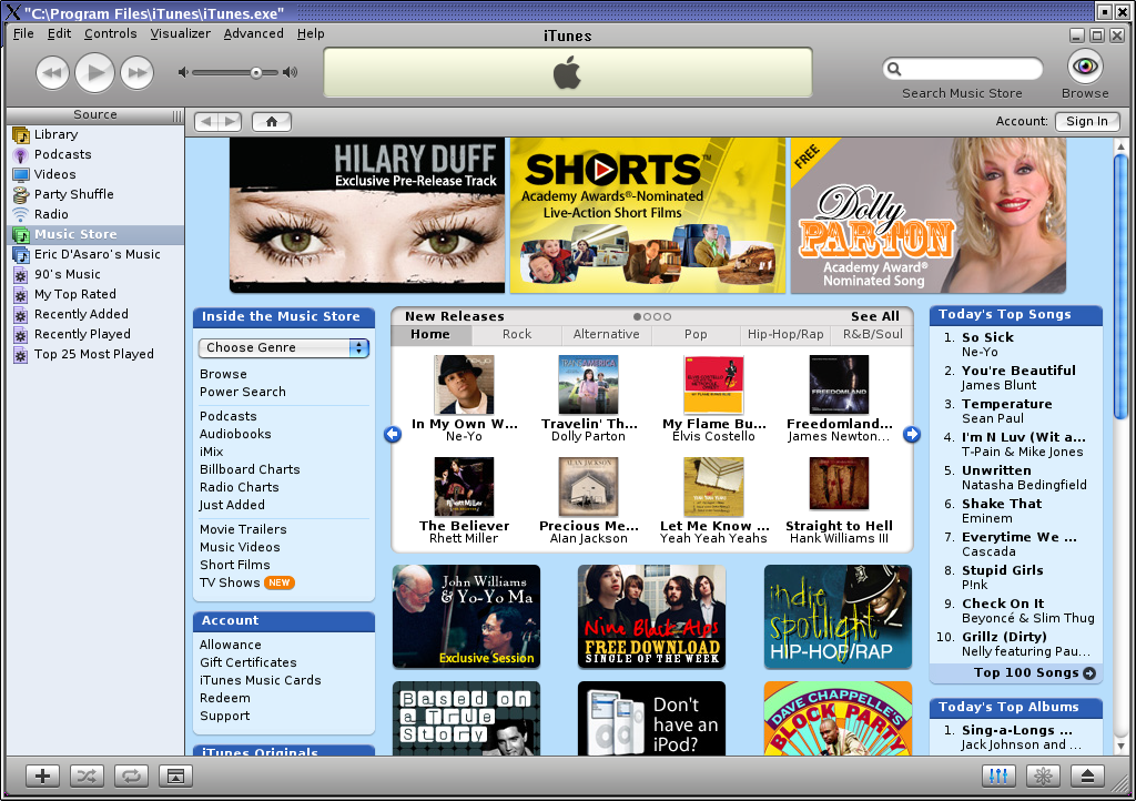 В сети пользователь может подключиться к магазину iTunes через проигрыватель iTunes.
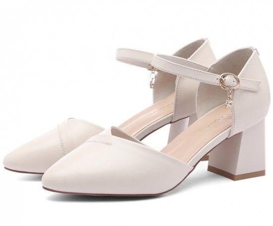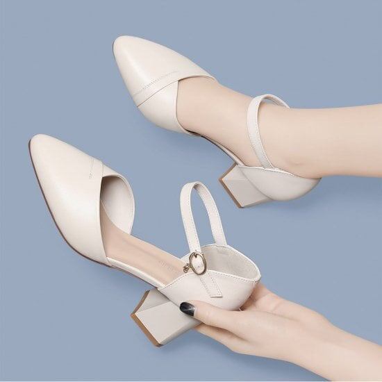 パンプス レディース アンクルストラップ バックベルト ポンテッドトゥ ローヒール 太ヒール 牛皮 大人可愛い エレガント フォーマル 結婚式 パーティー 6.5cm
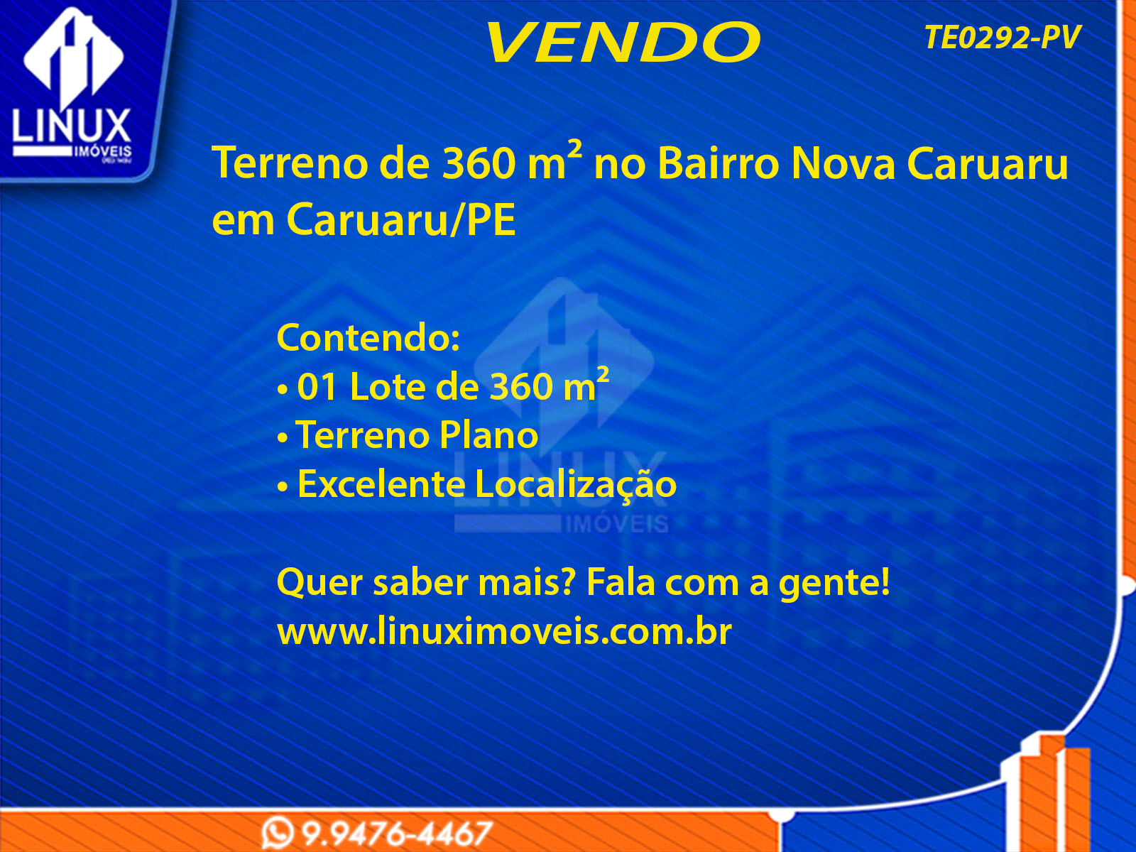 Terreno no Bairro Nova Caruaru em Caruaru/PE à Venda (TE0292-PV)
========================================
REQUIREMENT: Only the pictures are dropped when you print the material; everything else is copied exactly.

SOLUTION TO THE PROBLEM:
 В сети пользователь может подключиться к магазину iTunes через проигрыватель iTunes.
 パンプス レディース アンクルストラップ バックベルト ポンテッドトゥ ローヒール 太ヒール 牛皮 大人可愛い エレガント フォーマル 結婚式 パーティー 6.5cm
 Terreno no Bairro Nova Caruaru em Caruaru/PE à Venda (TE0292-PV)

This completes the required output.